» What the task requires
For this exercise, copy exactly every line from the one holding "Military Green Unisex" through the end of the data, both included. Omit pictures.

» Data
----

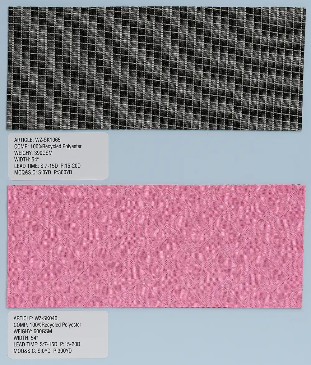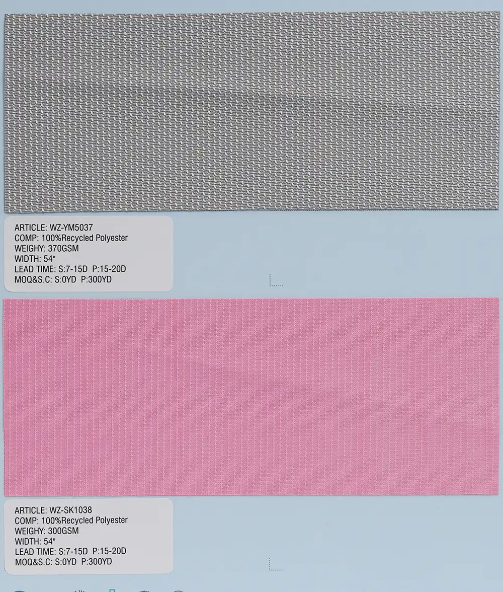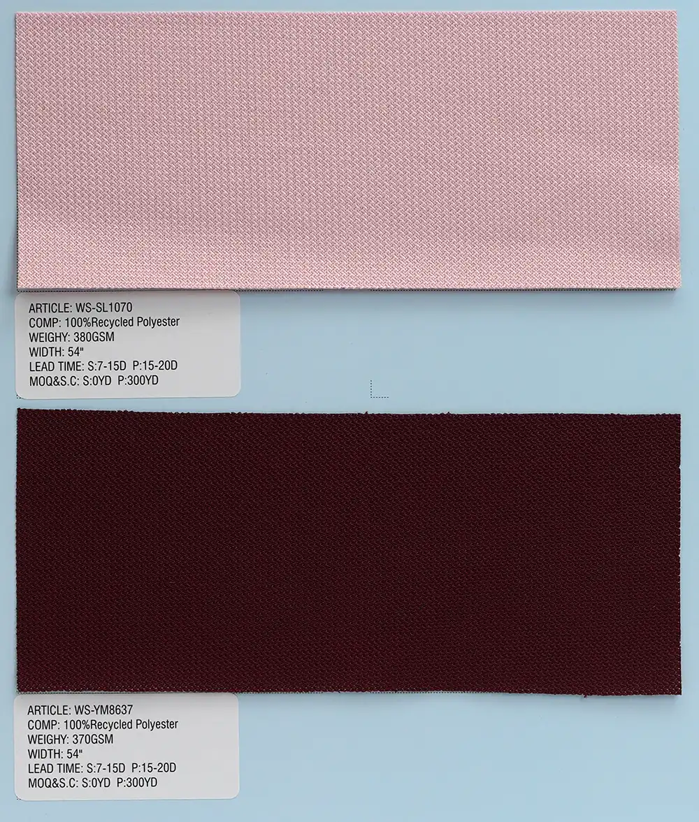 这是一种采用经编工艺制成的针织面料,主要选用100%再生聚酯纤维,也可搭配尼龙或氨纶进行生产。经编技术赋予面料结构紧密稳固,具备优异的尺寸稳定性与抗皱性能,质感持久平整
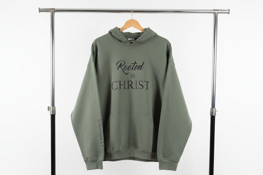 Military Green Unisex Hoodie Sweatshirt – Rooted in Christ Colossians 2:7
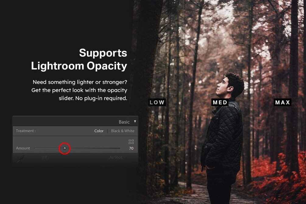 Finally, every preset comes with a skin-protected version. This algorithm by VOXCOLOR restores 25-50% of the original skin tones letting you get a consistent look whether you're shooting landscapes or portraits.
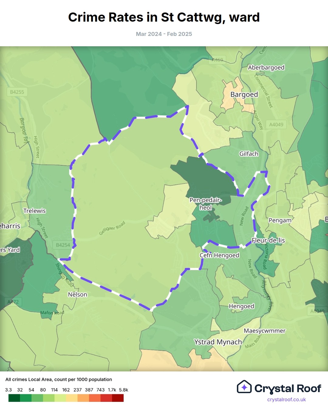 St Cattwg, (ward) includes areas with the following crime ratings (see map):

----

» Result
 Military Green Unisex Hoodie Sweatshirt – Rooted in Christ Colossians 2:7
 Finally, every preset comes with a skin-protected version. This algorithm by VOXCOLOR restores 25-50% of the original skin tones letting you get a consistent look whether you're shooting landscapes or portraits.
 St Cattwg, (ward) includes areas with the following crime ratings (see map):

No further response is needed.